Planning an Amazon EC2 cluster
Before planning an Amazon EC2 cluster, please see the User guide in the Amazon Elastic Compute Cloud Documentation.
DataStax AMI deployments¶
The DataStax AMI is intended only for a single region and availability zone. For an EC2 cluster that spans multiple regions and availability zones, see EC2 clusters spanning multiple regions and availability zones.
Use AMIs from trusted sources¶
Use only AMIs from a trusted source. Random AMI's pose a security risk and may perform slower than expected due to the way the EC2 install is configured.
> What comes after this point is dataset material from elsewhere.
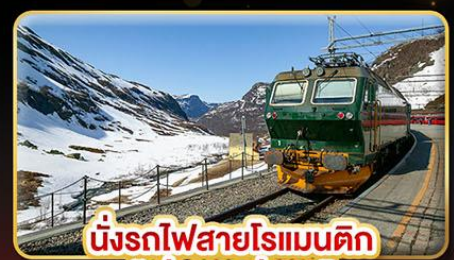
นั่งรถไฟสายโรแมนติก “พร้อมสปา”

The following are examples of trusted AMIs:
EC2 clusters spanning multiple regions and availability zones¶
Production Cassandra clusters on EC2¶
For production Cassandra clusters on EC2, use these guidelines for choosing the instance types:
- Development and light production: m3.large
- Moderate production: m3.xlarge
- SSD production with light data: c3.2xlarge
- Largest heavy production: m3.2xlarge (PV) or i2.2xlarge (HVM)
EBS volumes are not recommended¶
EBS volumes are not recommended for Cassandra data storage volumes for the following reasons:
- EBS volumes contend directly for network throughput with standard packets. This means that EBS throughput is likely to fail if you saturate a network link.
- EBS volumes have unreliable performance. I/O performance can be exceptionally slow, causing the system to back load reads and writes until the entire cluster becomes unresponsive.
- Adding capacity by increasing the number of EBS volumes per host does not scale. You can easily surpass the ability of the system to keep effective buffer caches and concurrently serve requests for all of the data it is responsible for managing.
For more information and graphs related to ephemeral versus EBS performance, see the blog article Systematic Look at EC2 I/O.
Disk Performance Optimization¶
To ensure high disk performance to mounted drives, it is recommended that you pre-warm your drives by writing once to every drive location before production use. Depending on EC2 conditions, you can get moderate to enormous increases in throughput. See Optimizing Disk Performance in the Amazon Elastic Compute Cloud Documentation.
Storage recommendations for Cassandra 1.2 and later¶
Cassandra 1.2 and later supports JBOD (just a bunch of disks). JBOD excels at tolerating partial failures in a disk array. Configure using the disk_failure_policy in the cassandra.yaml file. Addition information is available in the Handling Disk Failures In Cassandra 1.2 blog.
Storage recommendations for Cassandra 1.1 and earlier¶
RAID 0 the ephemeral disks. Then put both the data directory and the commit log on that volume. This has proved to be better in practice than putting the commit log on the root volume, which is also a shared resource. For more data redundancy, consider deploying your Cassandra cluster across multiple availability zones or using EBS volumes to store your Cassandra backup files.